Shanghai's investment-linked products grew rapidly last year
with overseas insurers the main players, the local regulator said
yesterday.
Insurers in Shanghai are faced with challenges including the
tightening monetary policy and fluctuations of the stock
market.
Shanghai accounted for 18 percent of China's total
investment-linked insurance market while overseas insurers
contributed to a 73.22-percent share of that market in the
city.
Overseas insurer's investment-linked insurance premiums grew
more than 10-fold last year in Shanghai as insurers promoted
products whose performance was linked to last year's bullish
capital market.
The benchmark Shanghai Composite Index grew more than 80 percent
last year after soaring 130 percent in 2006.

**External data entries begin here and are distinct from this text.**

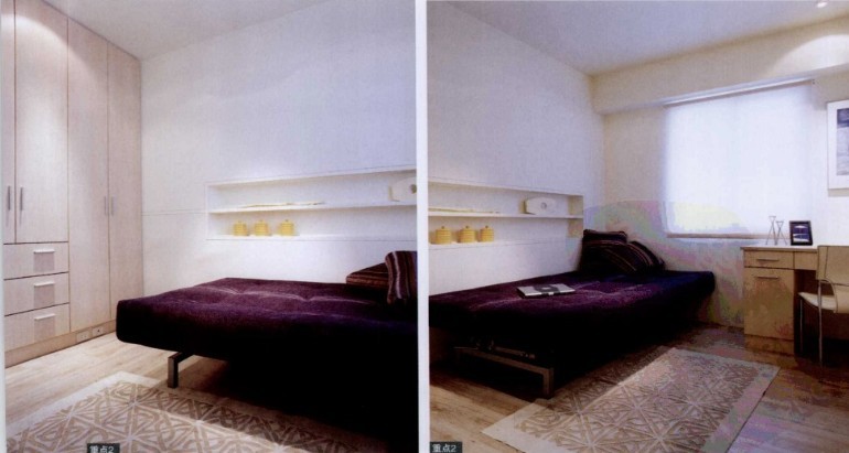 書房、更衣室與小朋友房間都選用定制家具,既節(jié)省了施工時(shí)間 ,又省下木作費(fèi)用,同時(shí)也滿足收納需求。墻面上的木架裝飾,成為小件裝飾品的置放地,為白色墻面減掉空白,為空間增加一些趣味。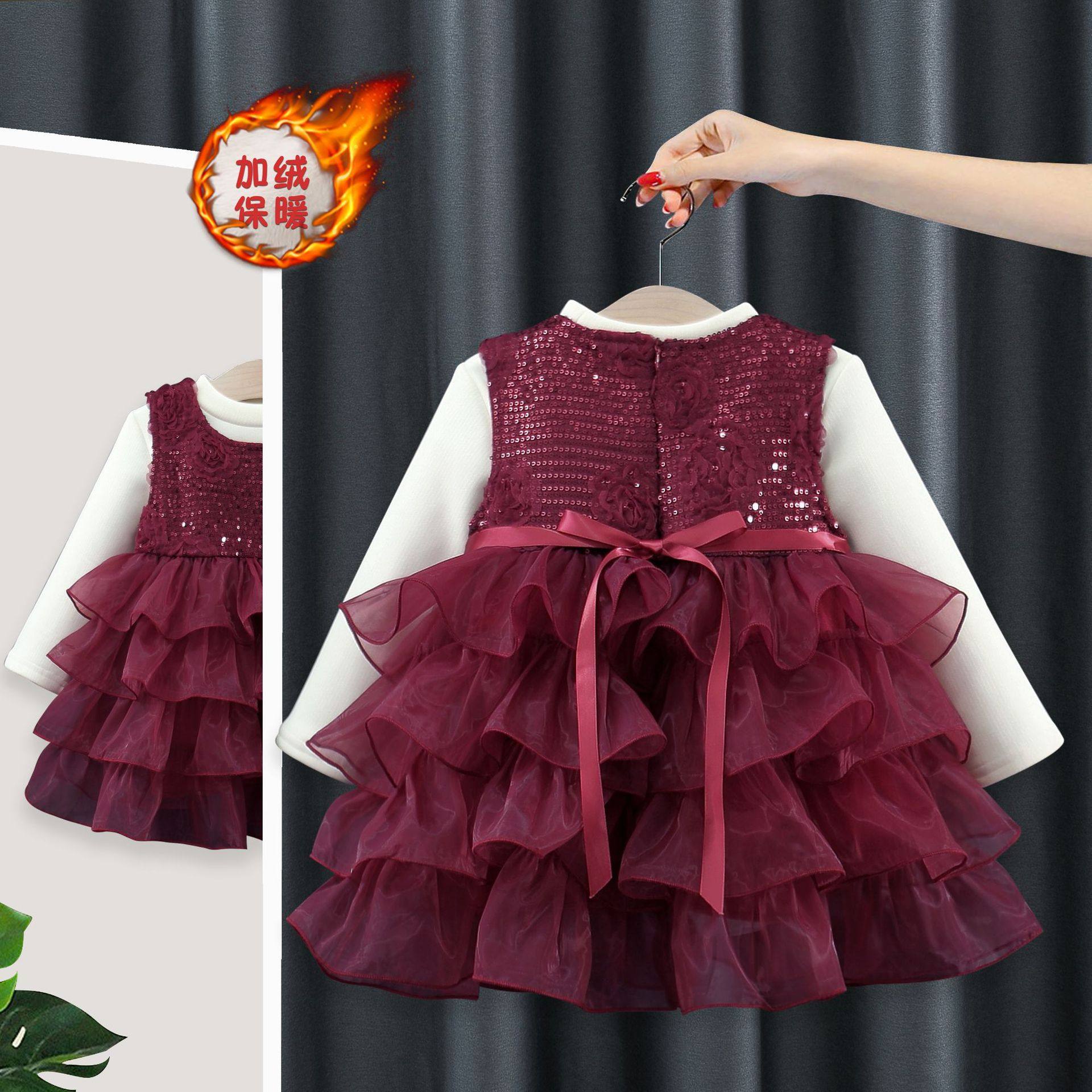 三2一1周岁女童时尚套装洋气时髦裙子女宝宝红色连衣裙加绒小女孩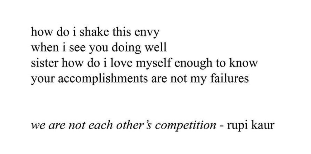 I was browsing Instagram, as one does, and came upon the above Rupi Kaur poem. It made me weirdly emotional. And, as someone with anxiety, I like to say I’m extra tuned into my emotions—I try to capture them when I feel them and “sort them.” It’s a way for me to process feelings that are important, make sure I’m okay, and then let them go. I’ve been wanting to write this post for weeks, but every time the day approached for me to work on it came, I couldn’t. Not because I was too busy, but because talking about envy is a vulnerable act that confronts dark feelings I am often ashamed to feel.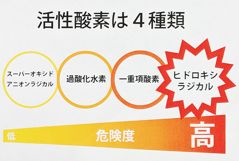 活性酸素には「スーパーオキシド」「過酸化水素」「一重頂酸素」「ヒドロキシルラジカル」などありますが、中でも「ヒドロキシルラジカル」は酸化力がもっとも強力で、危険度が高い活性酸素です。生活習慣病の90%が活性酸素によると言われており、その活性酸素の(ヒドロキシラジカル)を消去します。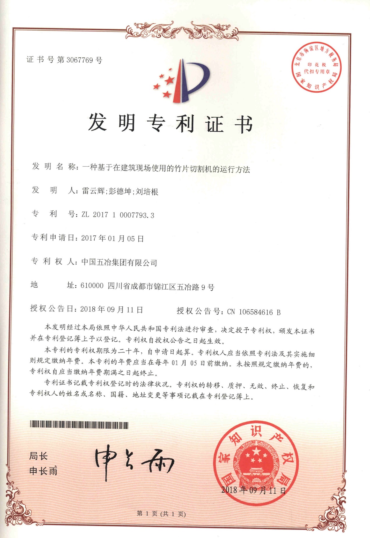 一種基于在建筑現(xiàn)場使用的竹片切割機(jī)的運行方法 ZL 201710007793.3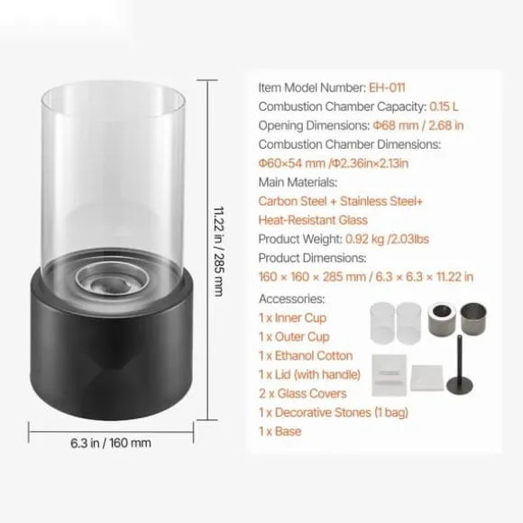 Denna bordseldplats mäter 6,30 tum (L) x 6,30 tum (B) x 11,22 tum (H) och väger endast 2,03 lbs (0,92 kg), vilket gör den enkel att bära och perfekt för utomhusbruk.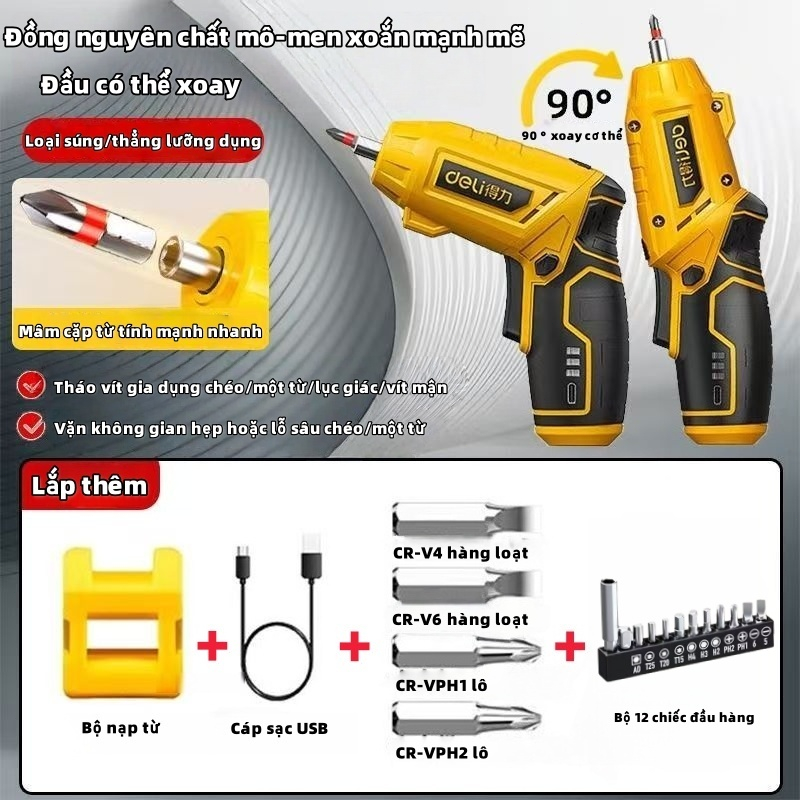 Máy Khoan Điện Không Dây Deli Đa Chức Năng Không hộ gia đình nhỏ bộ dụng cụ pin thể sạc lại bằng

Investment-linked life insurance is a plan where the value of
benefits are, wholly or partly linked to the investment performance
of a separate investment-linked fund. When a policy owner pays a
premium for the policy, a portion of the premium will be allocated
to insurance while the balance will be made to buy units in the
investment-linked funds.
There is a question as to whether insurers can sustain the rapid
growth of this type this year when the capital market is so
uncertain.
Property and casualty insurers also face challenges this year
after making large payouts following the worst snowstorms in the
city in half a century.
Property and casualty insurers have received 42,197 claims for a
combined loss of 910 million yuan (US$127.1 million) up to February
15. Insurers have already paid out 20.08 million yuan. Life
insurers have received 450 claims asking for total payment of 3.2
million yuan.
Insurers collected premiums worth 48.26 billion yuan last year
in Shanghai, up 19.43 percent on the previous year.